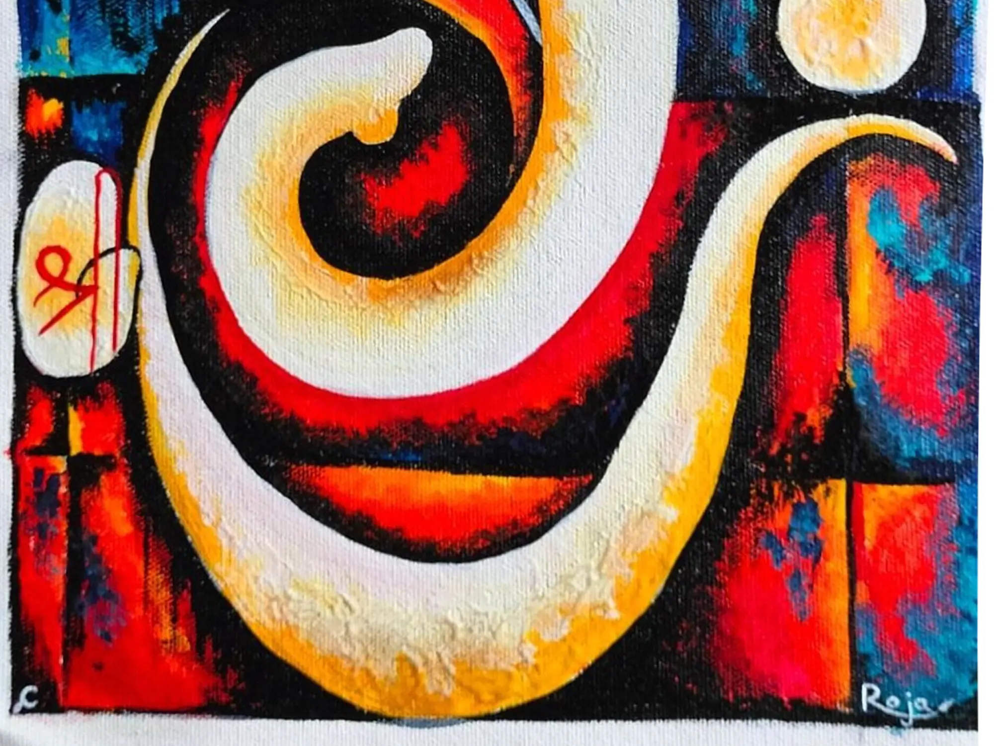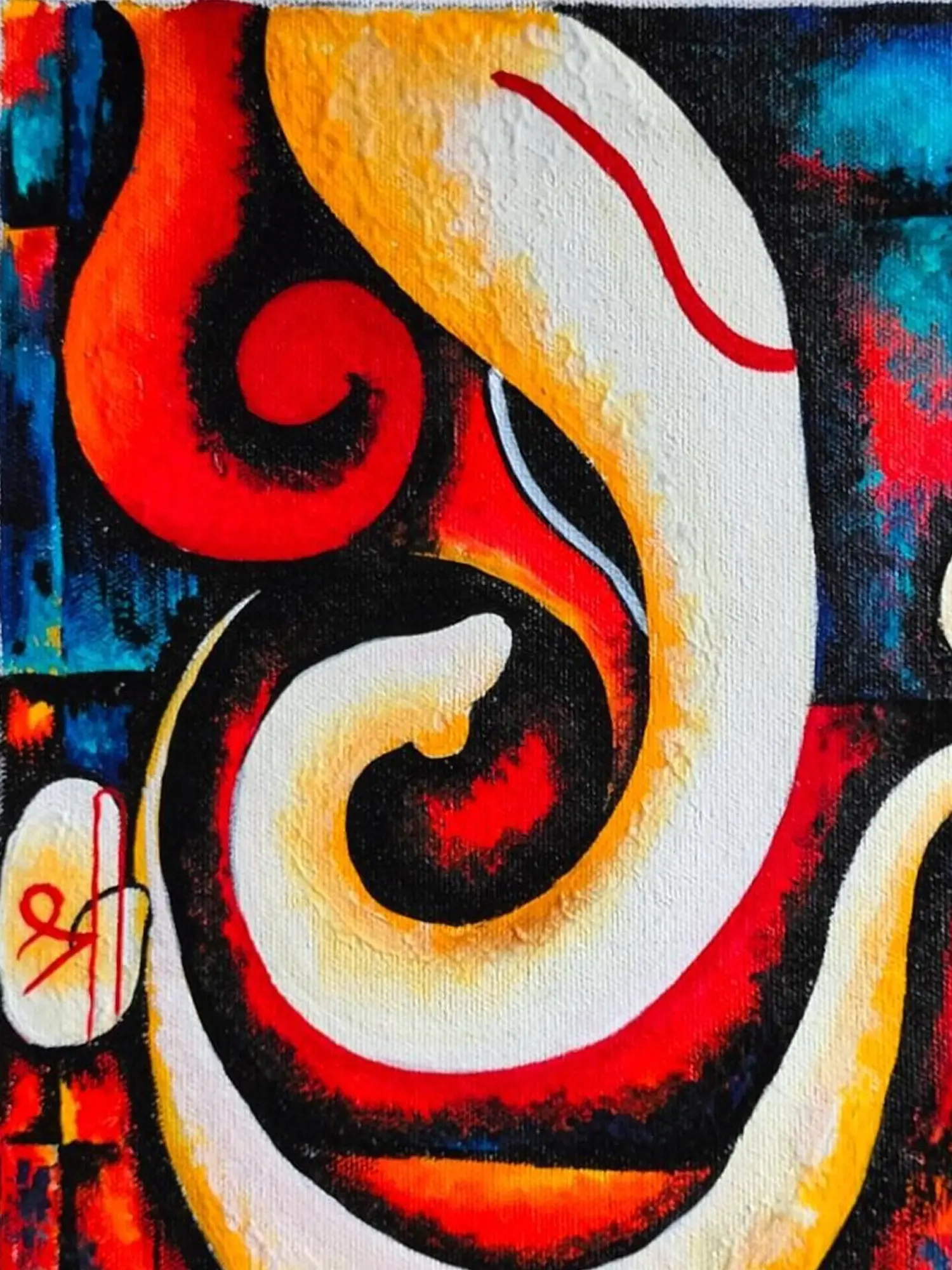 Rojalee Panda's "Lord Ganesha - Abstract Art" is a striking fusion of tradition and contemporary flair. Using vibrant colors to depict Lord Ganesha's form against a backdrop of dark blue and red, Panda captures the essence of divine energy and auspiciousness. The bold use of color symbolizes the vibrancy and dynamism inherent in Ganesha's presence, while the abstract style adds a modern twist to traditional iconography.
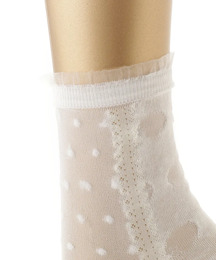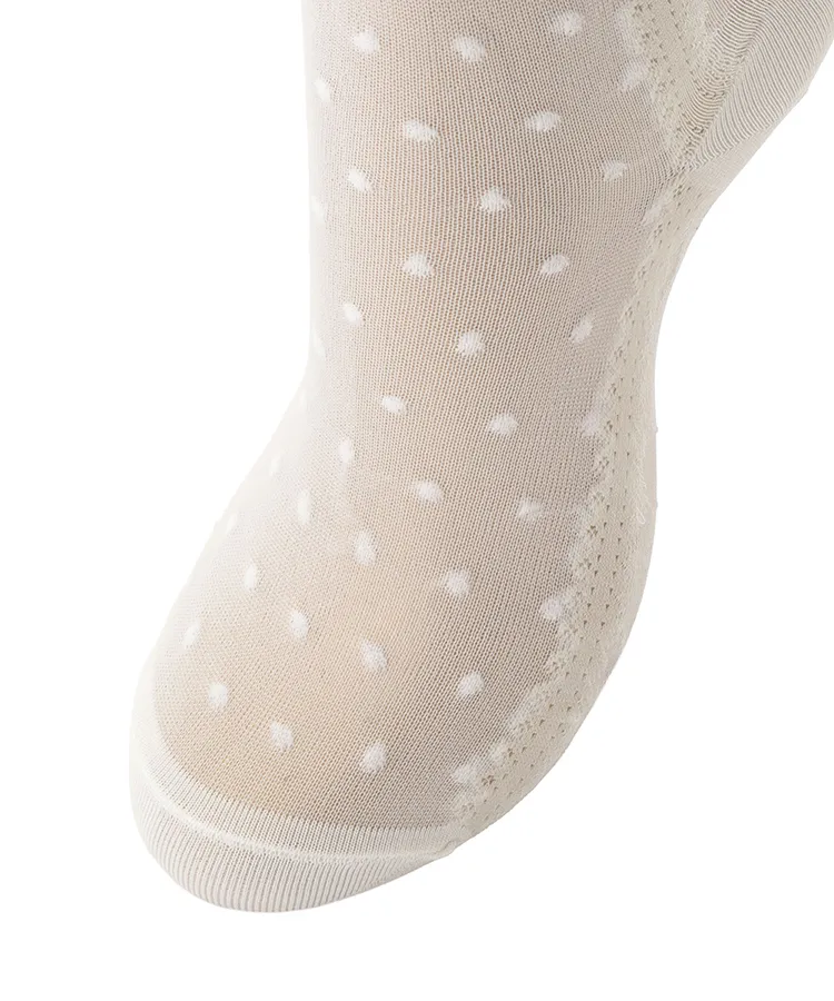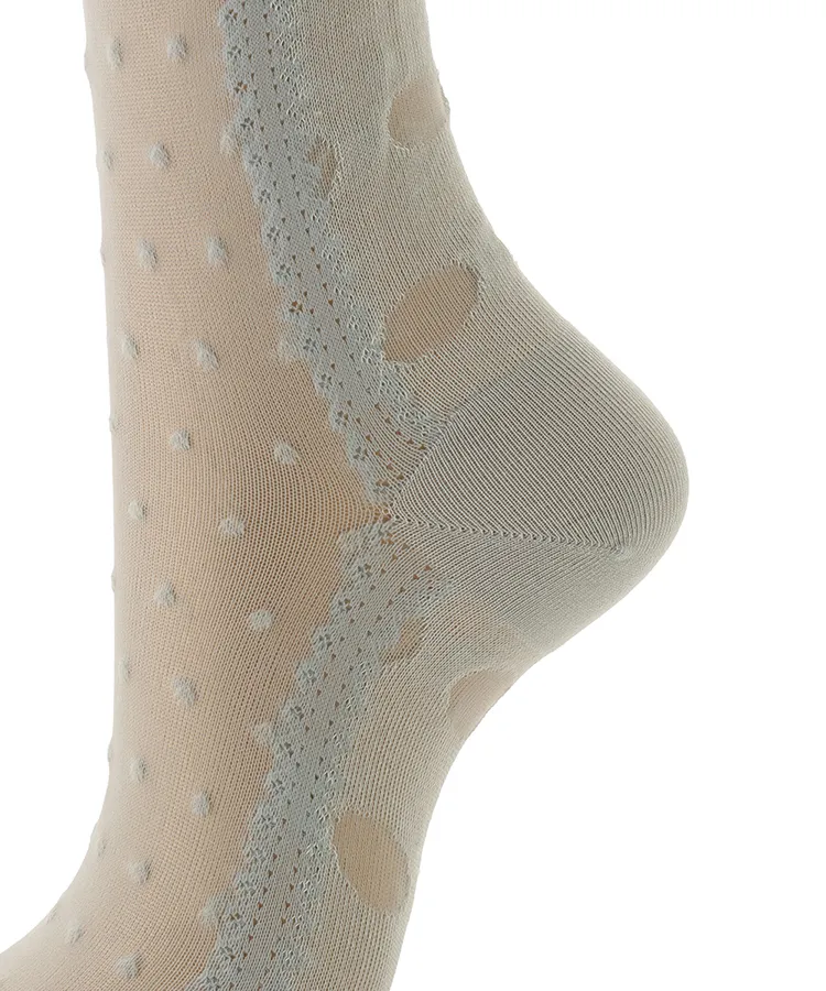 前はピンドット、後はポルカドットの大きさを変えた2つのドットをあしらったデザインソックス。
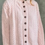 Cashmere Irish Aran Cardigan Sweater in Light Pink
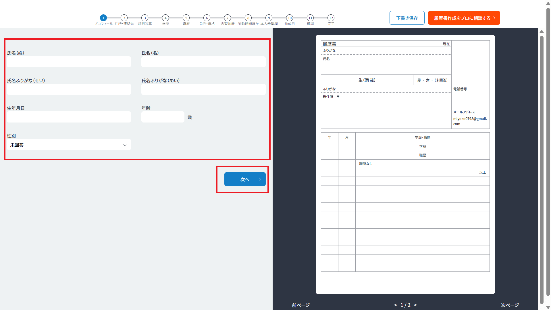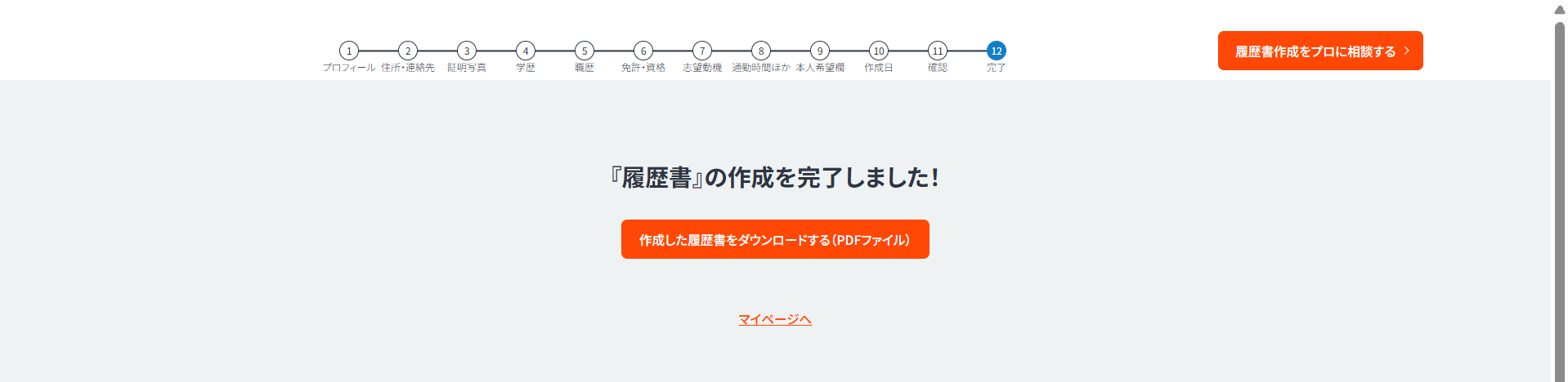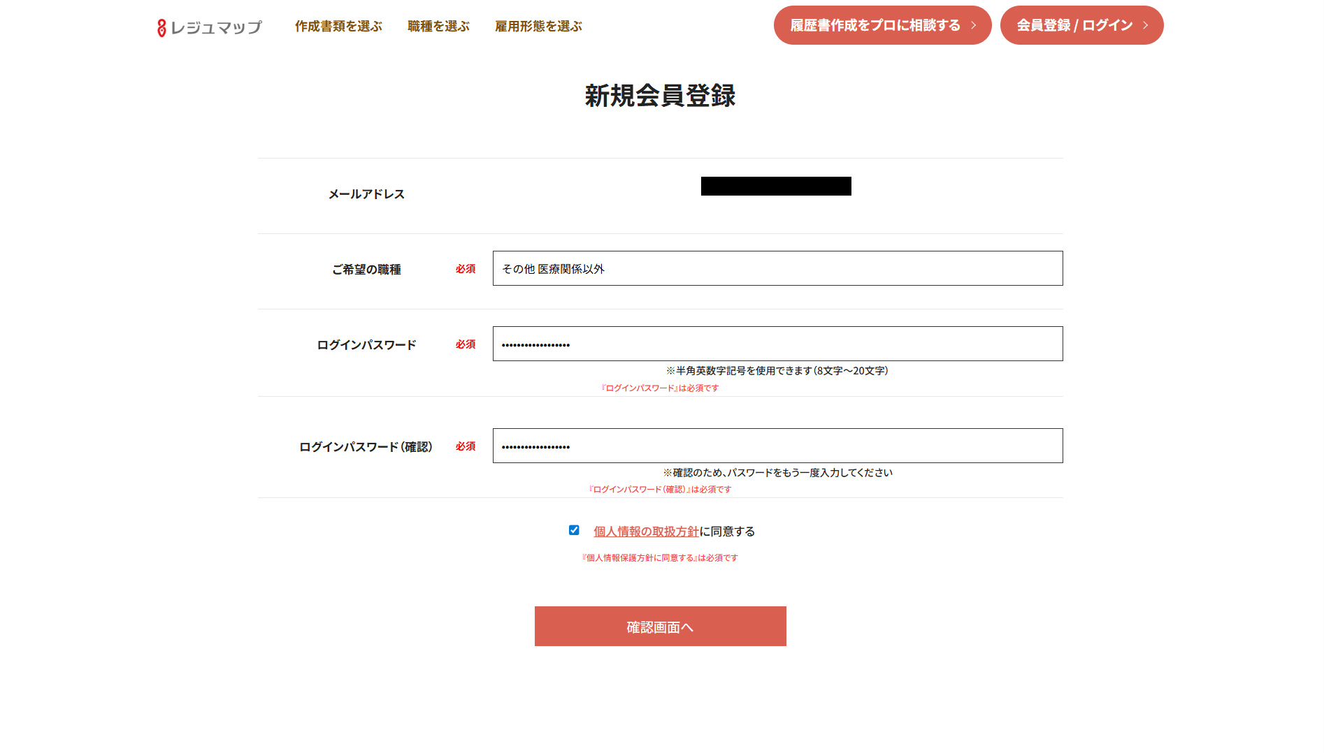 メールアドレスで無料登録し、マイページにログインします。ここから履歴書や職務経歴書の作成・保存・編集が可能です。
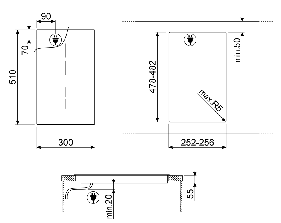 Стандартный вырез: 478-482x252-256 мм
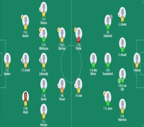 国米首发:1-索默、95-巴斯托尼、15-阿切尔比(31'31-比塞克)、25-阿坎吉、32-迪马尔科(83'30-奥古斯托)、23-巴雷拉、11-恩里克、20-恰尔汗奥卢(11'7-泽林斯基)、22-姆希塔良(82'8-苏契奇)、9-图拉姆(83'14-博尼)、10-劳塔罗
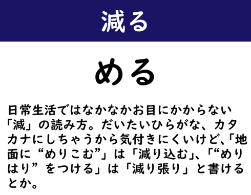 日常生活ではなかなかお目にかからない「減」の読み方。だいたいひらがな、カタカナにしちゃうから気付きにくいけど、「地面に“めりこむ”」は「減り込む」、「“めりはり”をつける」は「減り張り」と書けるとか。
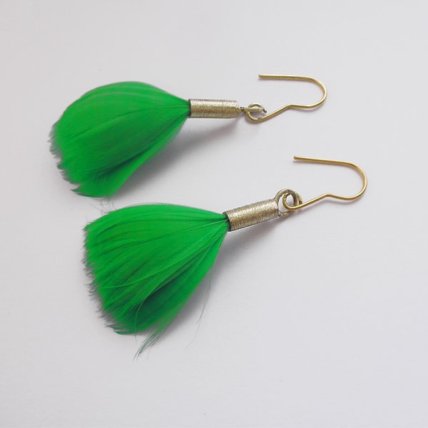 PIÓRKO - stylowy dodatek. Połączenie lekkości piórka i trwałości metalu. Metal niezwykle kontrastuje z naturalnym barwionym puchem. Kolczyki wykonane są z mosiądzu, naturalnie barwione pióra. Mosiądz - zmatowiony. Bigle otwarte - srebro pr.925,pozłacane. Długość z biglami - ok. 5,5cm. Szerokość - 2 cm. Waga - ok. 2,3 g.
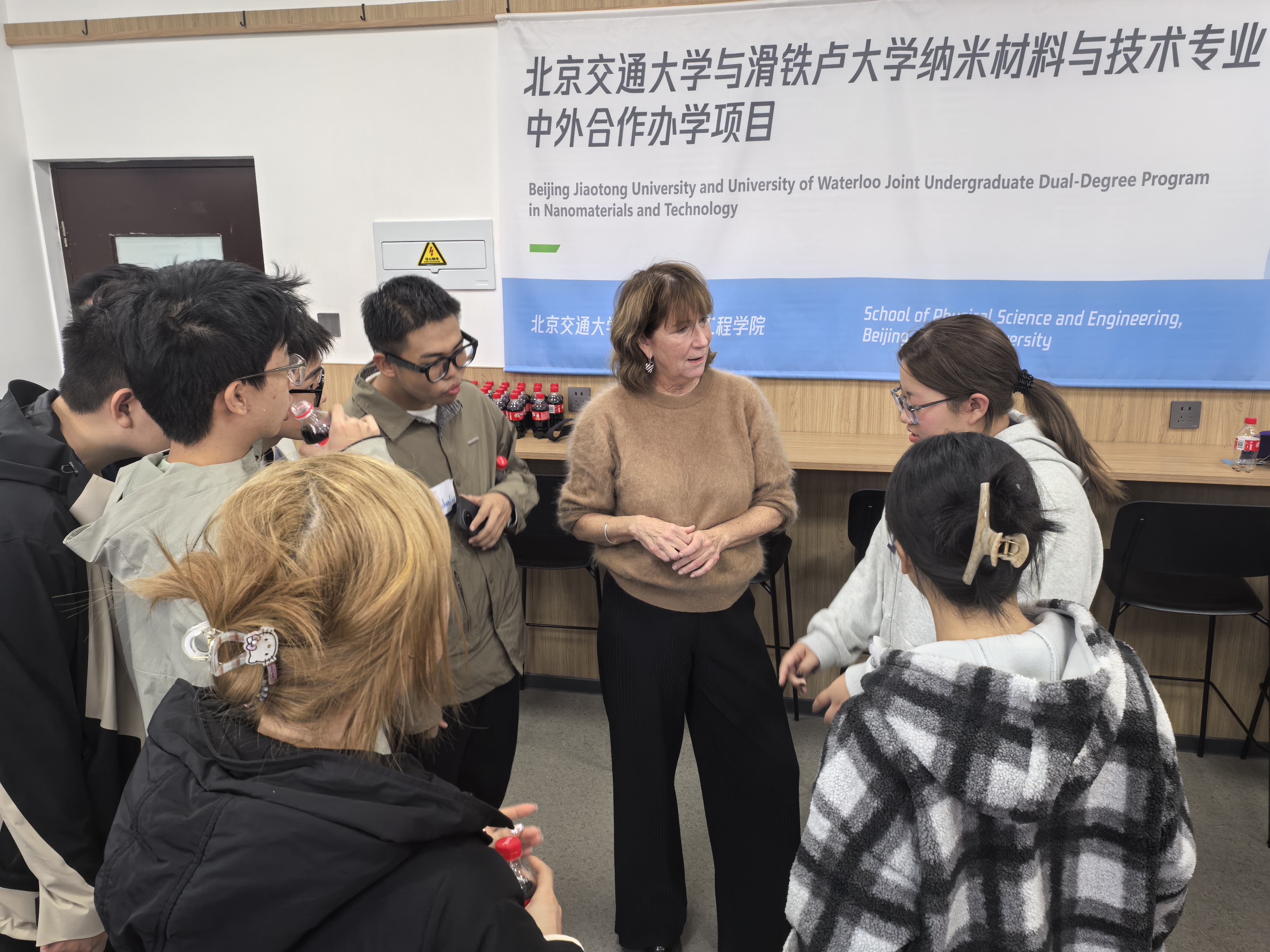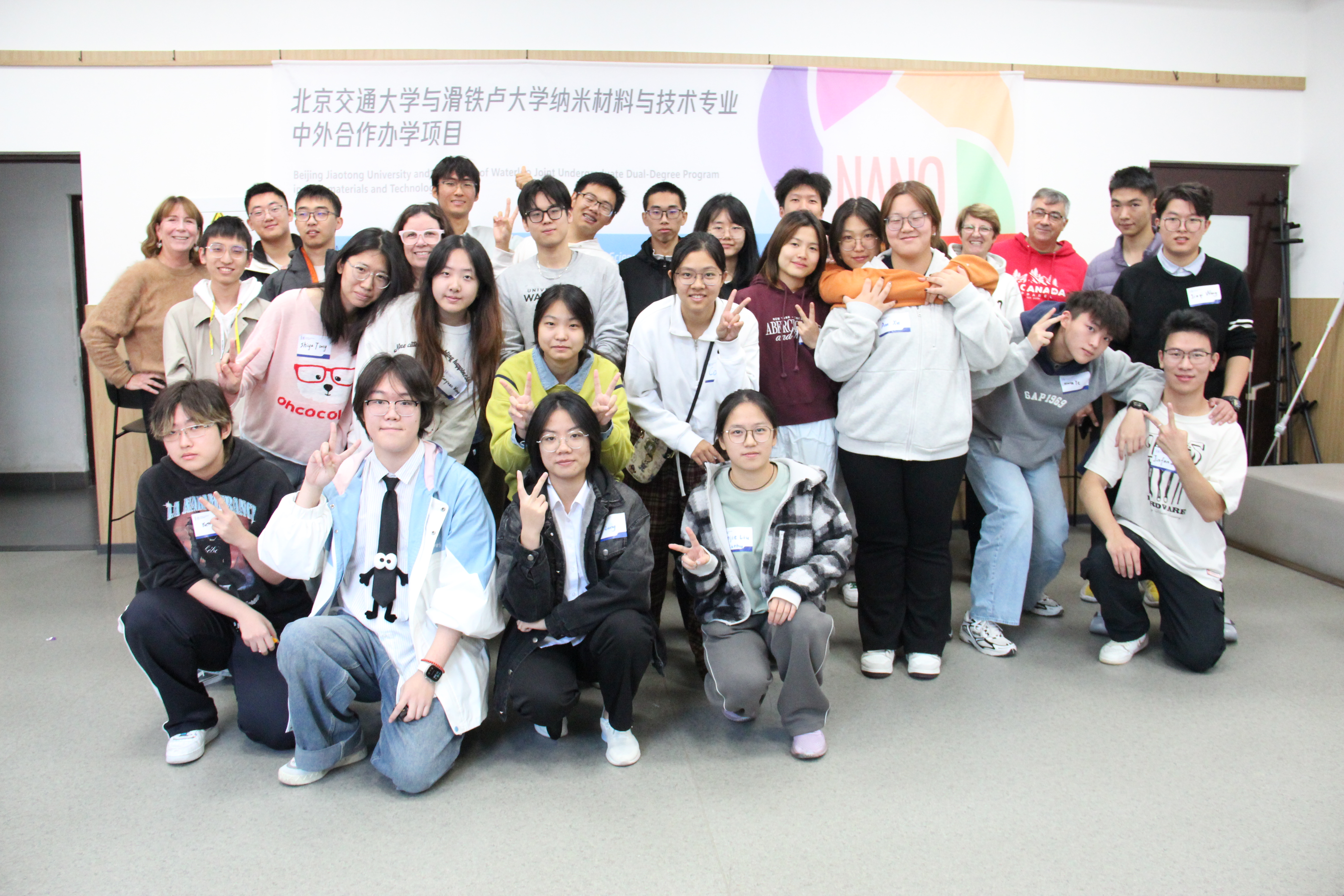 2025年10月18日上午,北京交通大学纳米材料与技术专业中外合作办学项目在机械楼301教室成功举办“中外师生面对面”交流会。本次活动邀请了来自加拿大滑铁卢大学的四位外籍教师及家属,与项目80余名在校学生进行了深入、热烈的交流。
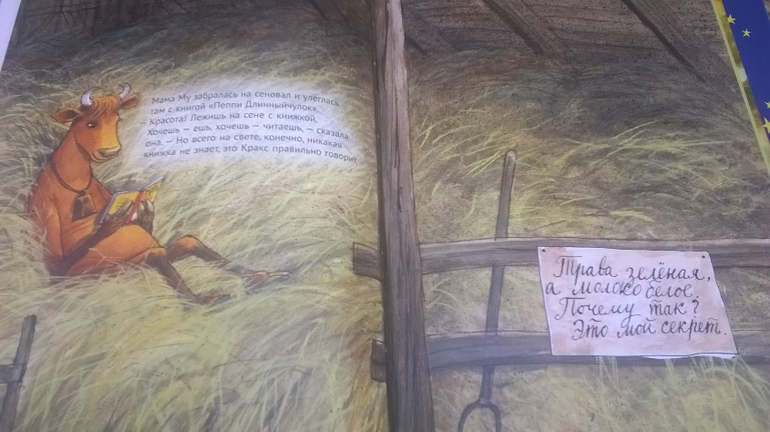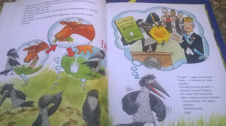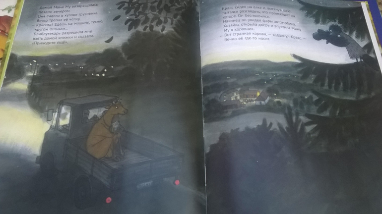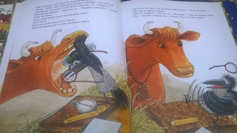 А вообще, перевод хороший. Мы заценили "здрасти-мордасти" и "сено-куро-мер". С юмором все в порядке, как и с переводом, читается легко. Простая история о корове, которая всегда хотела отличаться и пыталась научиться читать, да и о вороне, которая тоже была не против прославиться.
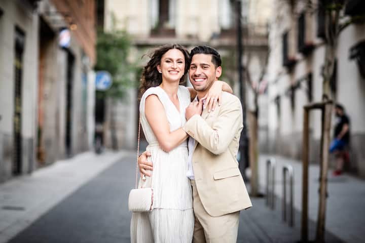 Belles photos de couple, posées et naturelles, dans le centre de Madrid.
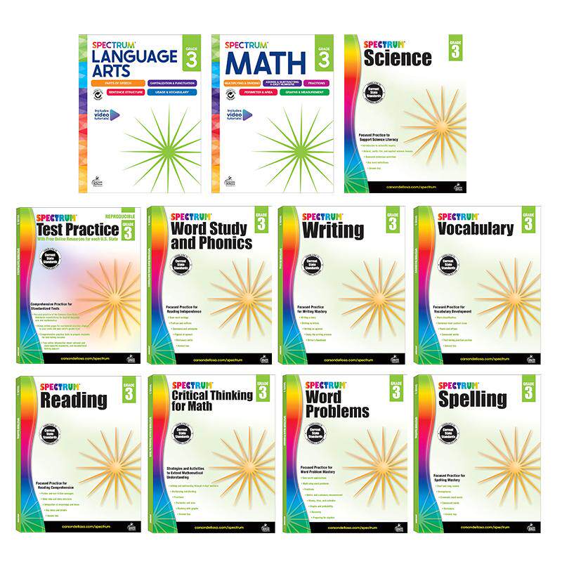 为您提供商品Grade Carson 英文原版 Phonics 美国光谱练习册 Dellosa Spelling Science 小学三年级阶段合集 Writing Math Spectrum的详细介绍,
-=-=-
Set down exactly the lines above, from the line containing "前はピンドット、後はポルカド" through the line containing "PIÓRKO - stylowy". Skip the pictures.

 前はピンドット、後はポルカドットの大きさを変えた2つのドットをあしらったデザインソックス。
 Cashmere Irish Aran Cardigan Sweater in Light Pink
 メールアドレスで無料登録し、マイページにログインします。ここから履歴書や職務経歴書の作成・保存・編集が可能です。
 Стандартный вырез: 478-482x252-256 мм
 国米首发:1-索默、95-巴斯托尼、15-阿切尔比(31'31-比塞克)、25-阿坎吉、32-迪马尔科(83'30-奥古斯托)、23-巴雷拉、11-恩里克、20-恰尔汗奥卢(11'7-泽林斯基)、22-姆希塔良(82'8-苏契奇)、9-图拉姆(83'14-博尼)、10-劳塔罗
 日常生活ではなかなかお目にかからない「減」の読み方。だいたいひらがな、カタカナにしちゃうから気付きにくいけど、「地面に“めりこむ”」は「減り込む」、「“めりはり”をつける」は「減り張り」と書けるとか。
 PIÓRKO - stylowy dodatek. Połączenie lekkości piórka i trwałości metalu. Metal niezwykle kontrastuje z naturalnym barwionym puchem. Kolczyki wykonane są z mosiądzu, naturalnie barwione pióra. Mosiądz - zmatowiony. Bigle otwarte - srebro pr.925,pozłacane. Długość z biglami - ok. 5,5cm. Szerokość - 2 cm. Waga - ok. 2,3 g.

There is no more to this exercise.